Title: all this that is more than a wish is a memory
Author name:
100indecisions on AO3
Characters/Pairing: Loki & Steve Rogers, very gradually working in a Steve/Loki direction
Fandom/Universe: MCU
Rating: R for violence
Word count: ~26,000
Warnings: Violence and resulting injuries, medical experimentation/torture, suicidal thoughts, dehumanization (these are the main ones, but each chapter will have additional warnings when relevant)
Summary: Direct sequel to
let me see you stripped down to the bone, in which the soldier with the star-spangled shield became a weapon for the other side, and decades later, the false prince fell from the sky and became their experiment. The soldier and the prince were never supposed to meet-but they did, and together they escaped from HYDRA. This is what happens next. (Or, the AU where Steve is the Winter Soldier and Loki’s a HYDRA guinea pig, and things are generally awful.)

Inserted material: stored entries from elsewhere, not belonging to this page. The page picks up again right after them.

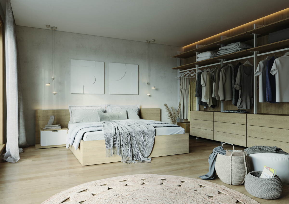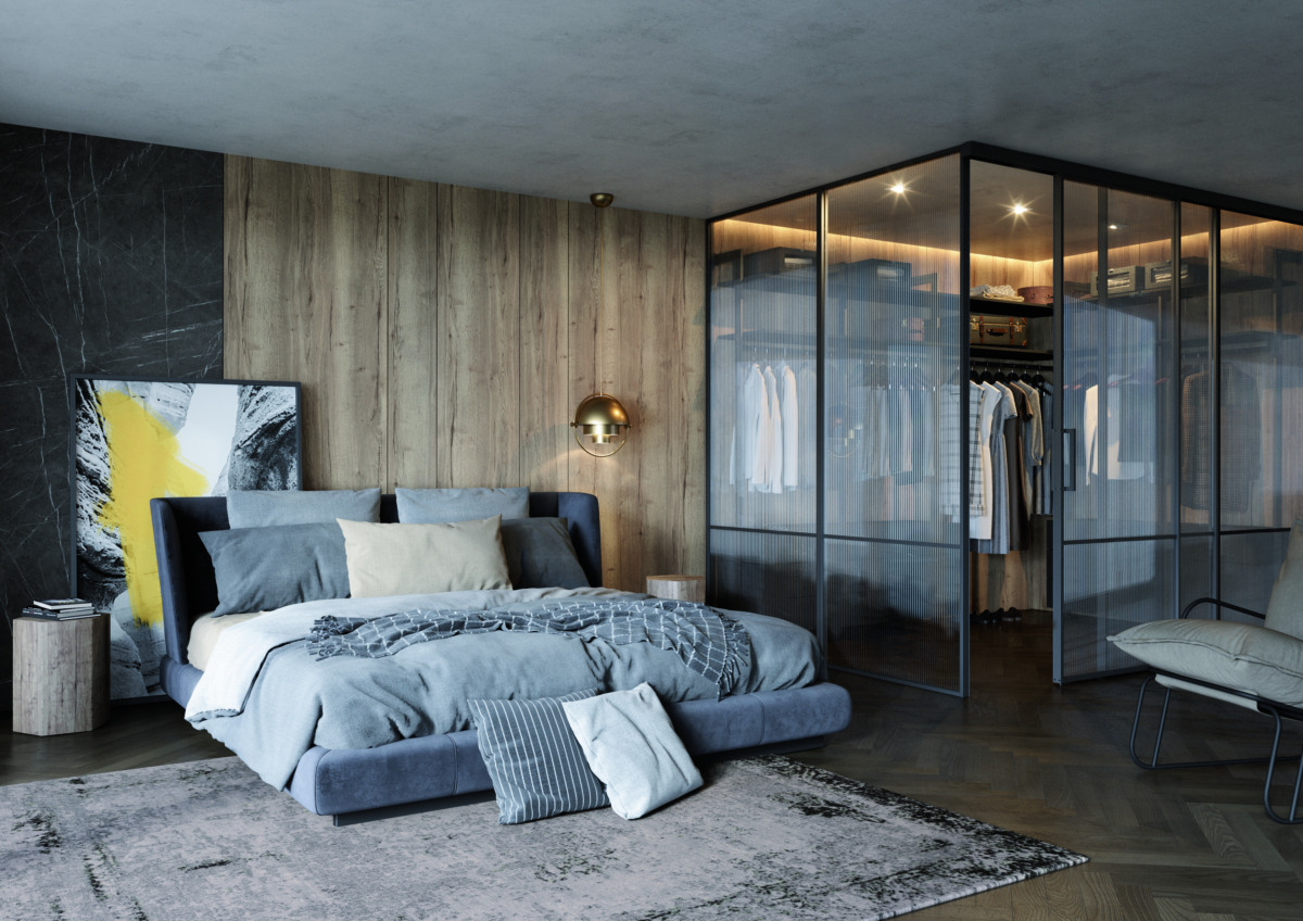 Dzięki temu garderoba staje się integralną częścią sypialni, a jednocześnie nie zaburza jej estetyki.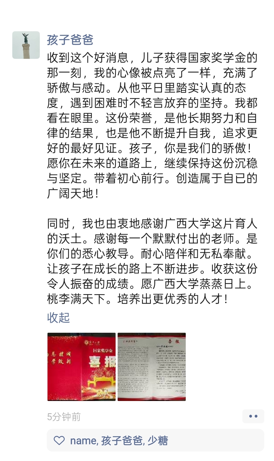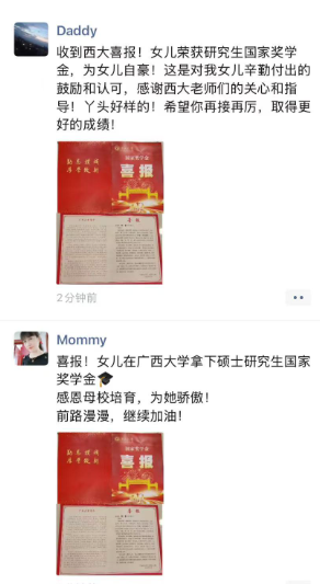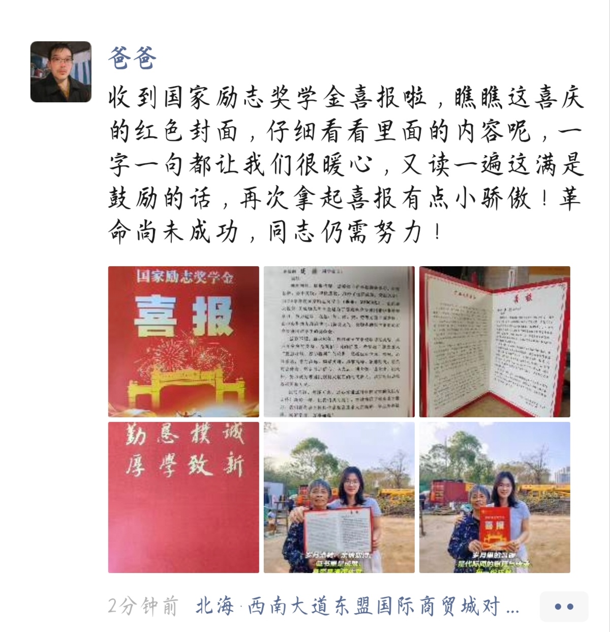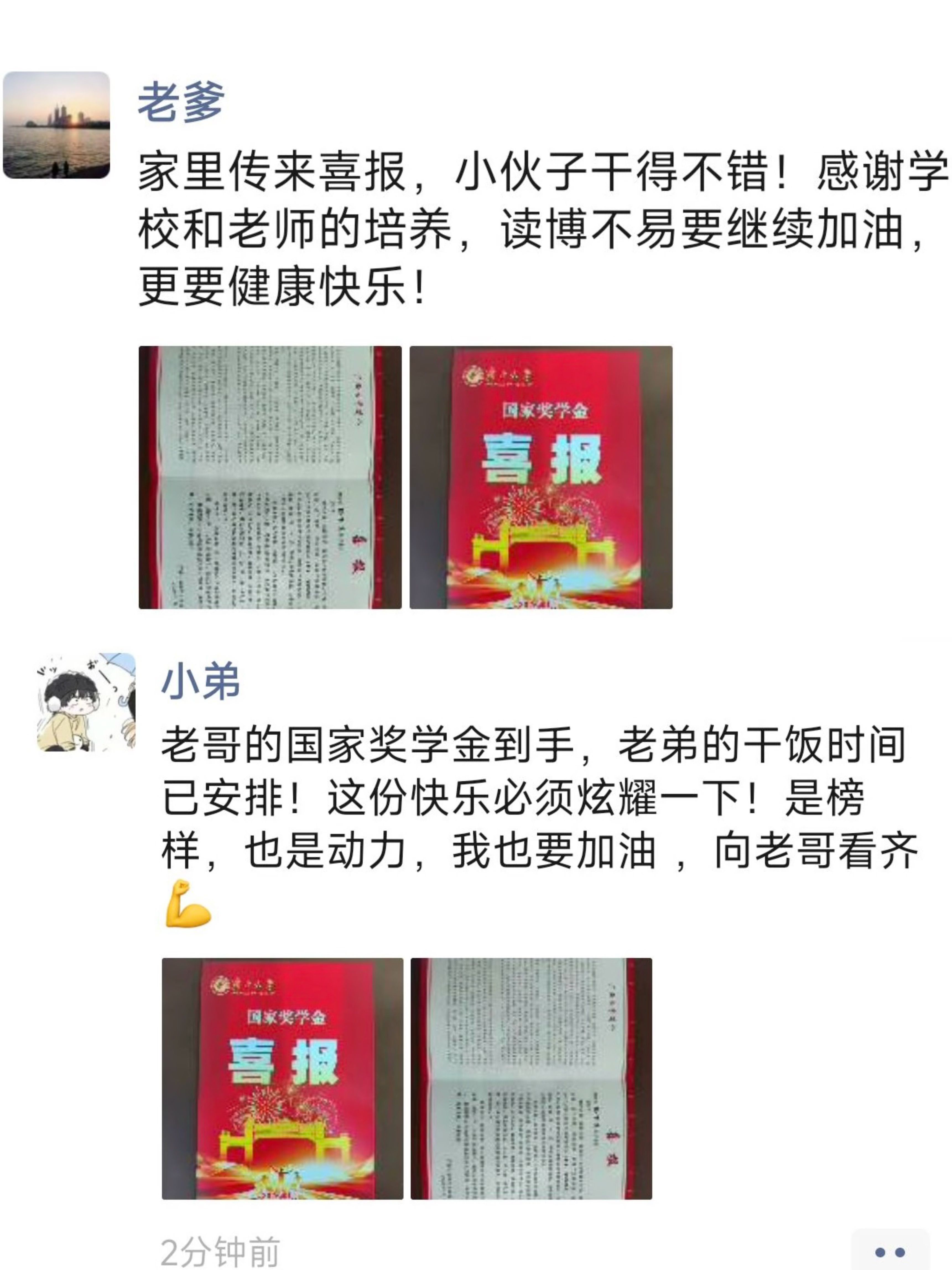 本科生国家励志奖学金获奖员工裴飞扬家长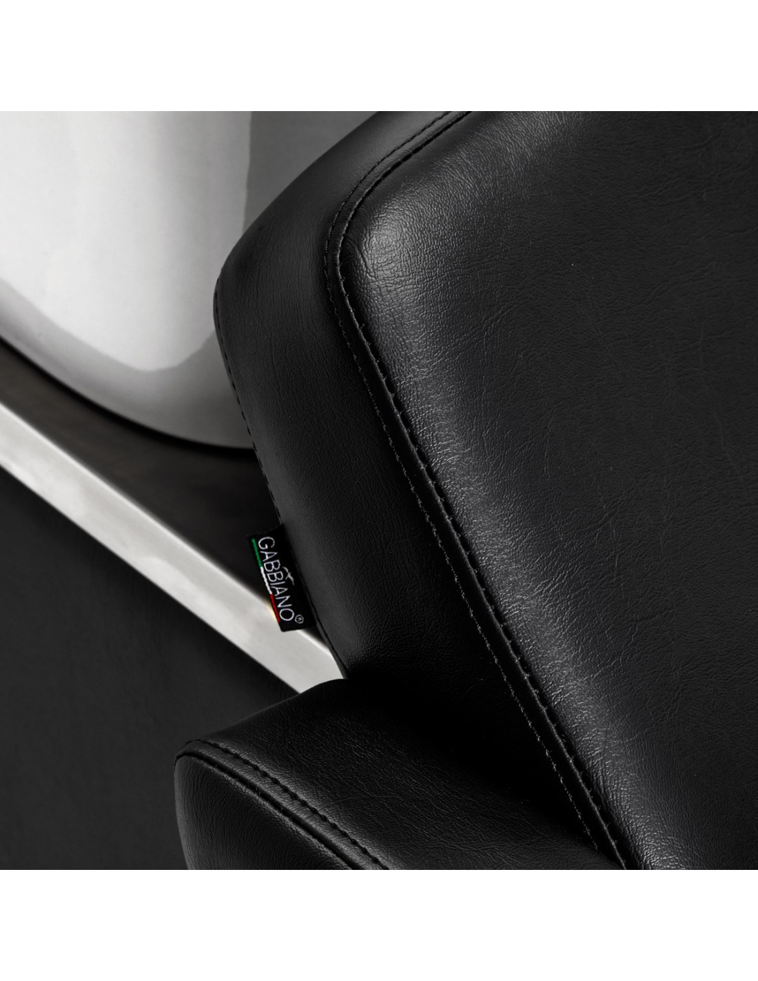 La poltrona, opportunamente profilata e imbottita di schiuma resistente , offre un adeguato supporto lombare e, di conseguenza, un elevato comfort di utilizzo. I braccioli dalla forma interessante consentono di posizionare correttamente le spalle del cliente. Il rivestimento in pelle sintetica piacevole al tatto, nei toni del nero , garantisce una lunga durata e una facile pulizia. Il design originale ed elegante dell'autolavaggio conferisce agli interni un'espressione unica. Le gambe aggiungono stabilità e sottolineano in modo sottile il carattere elegante dell 'autolavaggio. Sono inclusi accessori completi in tonalità di nero, tra cui un miscelatore, una doccetta e tubi flessibili dedicati per garantire un set completo di strumenti per il lavoro.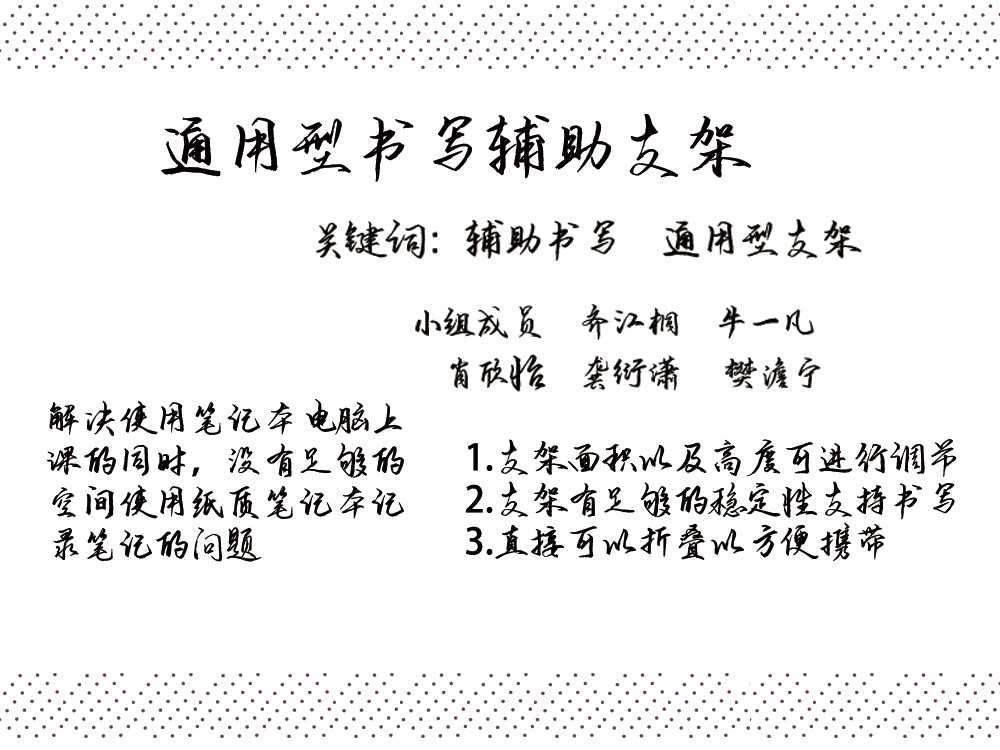 电子产品盛行的时代,笔记本电脑已经成为现代人不可或缺的生活工具。但是由于尺寸的限制,导致在面积较小的桌面使用笔记本电脑时,很难再同时使用纸质笔记本进行其他工作。在了解到网课期间同学们遇到的“使用笔记本电脑上课的同时,没有足够的空间使用纸质笔记本记录笔记”的难题后,我们提出并设计了一款通用型书写辅助支架,通过扩展可使用面积解决空间不足的问题。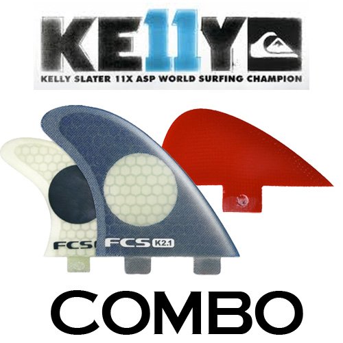 Ride like an eleven time world champion with the FCS Kelly Slater K2.1PC Quad/ Nubster Trailer Fin Combo Set. That`s what happens when you pair the K2.1 PC fin (Kelly Slater`s signature world beating fin template) with the new FCS VS Nubster for an increase in drive and will make your quad set-up feel faster, smoother, and will stabilize your board for directional control.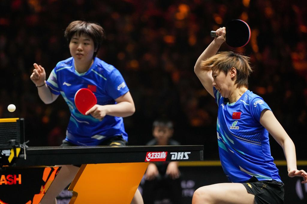 当日率先进行的女双决赛中,头号种子王曼昱/蒯曼开局以1:9落后于日本与韩国的跨协会组合早田希娜/朱芊曦,并以6:11输掉第一局。中国队组合随后迅速进行调整,以11:8、13:11、12:10连扳三局夺冠。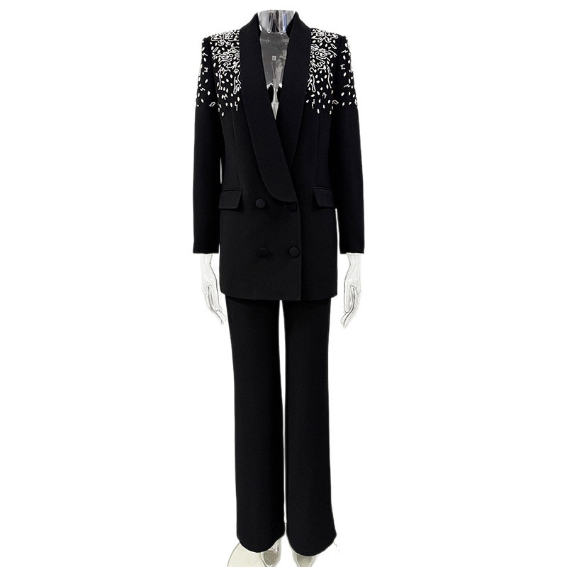 Nigikala Nigikala New Star Fashion Heavy Industry Nails And Studded Suit Jacket Trousers Set Two-Piece Set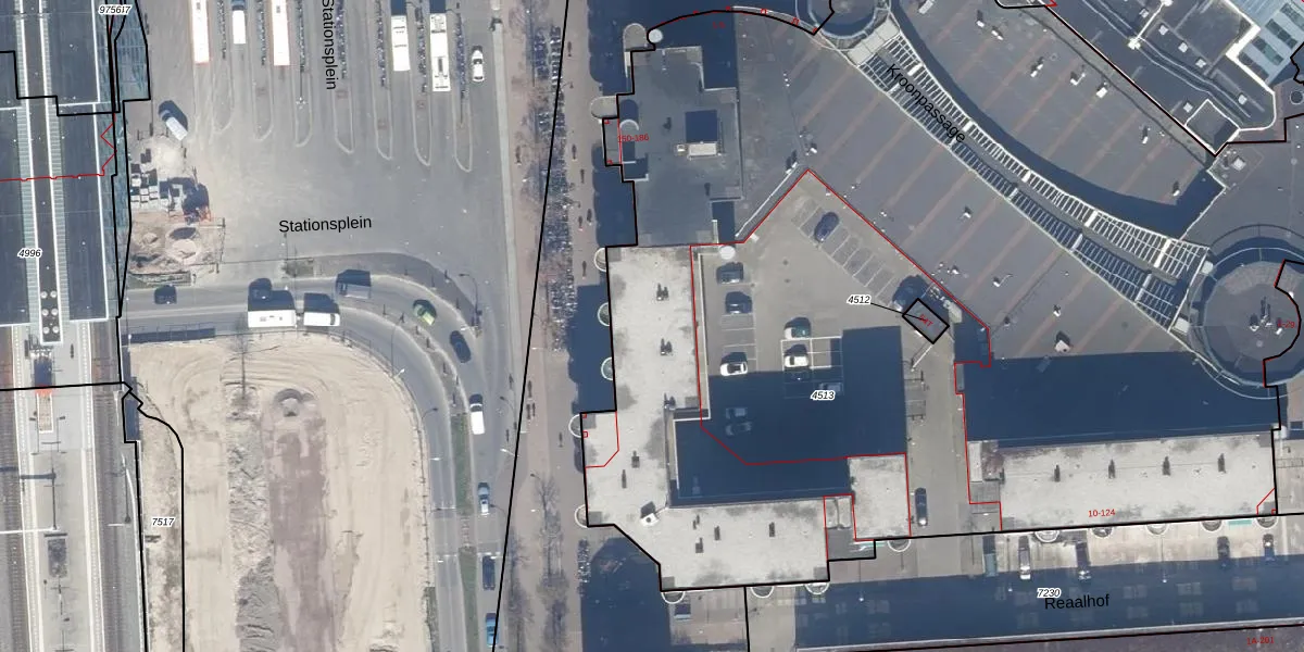 Het perceel waarop Stationsplein 182 staat heeft een oppervlakte van 8234 m². Dit is een zeer groot perceel. De perceeloppervlakte wordt geregistreerd door het Kadaster. Gedetailleerde informatie over de maten van dit perceel kunt u vinden in het rapport Kadastrale kaart met maatvoering van Stationsplein 182.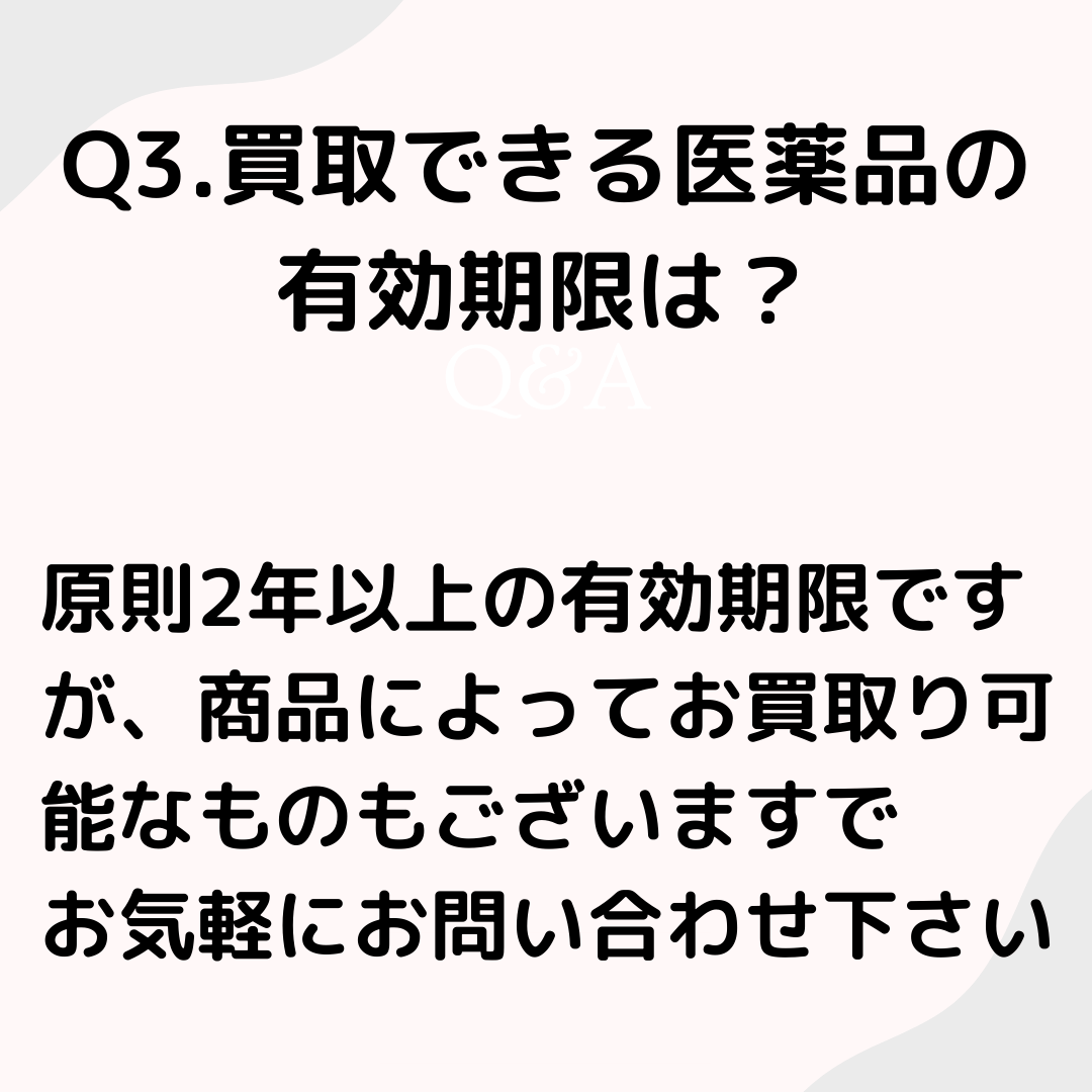 1、お買取させていただく医薬品は原則として、未使用、未開封品、メーカー製造の最新状態で、現行の有効期限、現行の新包装での条件となります。見積価格やお取引方法の詳細の確認は、薬PAY公式サイトや各種お問合せから可能です。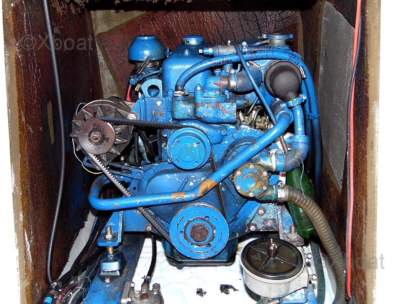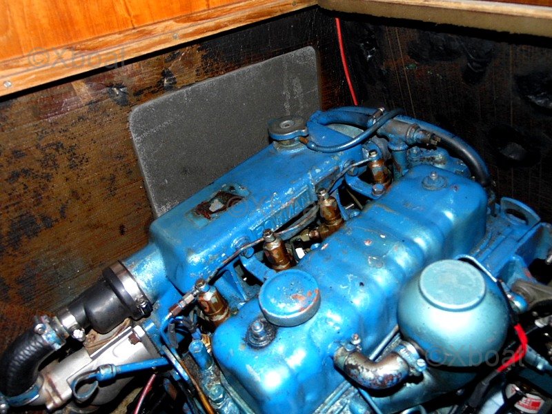 La motorización está asegurada por un Perkins de 36,8 kW (aproximadamente 50 cv), 3 108 horas en el cuentakilómetros, arrancando sin dificultad y funcionando correctamente. Motor mantenido por su propietario asistido por un mecánico profesional. En 2025, intercambiador limpiado, silentblocs reemplazados, línea de árbol nueva así como la brida y la junta hidrolube. Codo de escape en acero inoxidable, mantenimiento al día.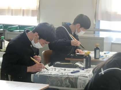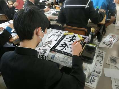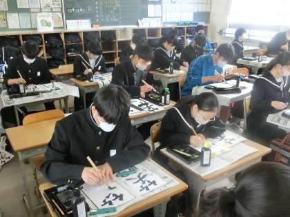 書き初めの練習に励んでいました。先週の書道ボランティアのアドバイスを思い出しながらの練習です。同じ文字を繰り返し練習する生徒、名前を練習する生徒など様々です。手本に忠実に、一文字ずつ丁寧に練習していました。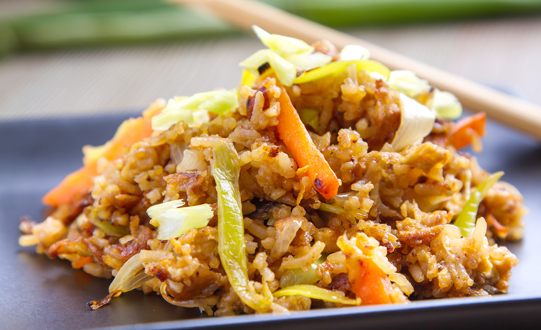 Dáme zbytek oleje s cibulí a za stálého míchání smažíme tak 2-3 minuty, pak česnek smažíme cca 30 sekund, dále rýži (ideálně aby byla suchá a nelepila se), promícháme. Mícháme tak dlouho dokud se to lehce neosmaží 2-3 minutky.

Chapter-specific warnings: More description of injuries, more starvation/disordered eating, more nonsexual (and uncomfortable) nudity, me pretending to know more about medical stuff than I actually do
Loki wakes, gradually, to the sun slanting through the bedroom window and across the wall, leaving him still in shadow next to the bed. If he is stiff from sleeping on the floor, he cannot tell; the carpet is still considerably more comfortable than the laboratory table, and he is not sure whether such a mild pain would even register at this point. He is reasonably certain this is the longest he’s gone without fresh injury in the past year, and it is certainly the most untroubled sleep he’s had since his arrival on Midgard. He does feel fractionally better already, although given his present basis for comparison, that doesn’t mean a great deal.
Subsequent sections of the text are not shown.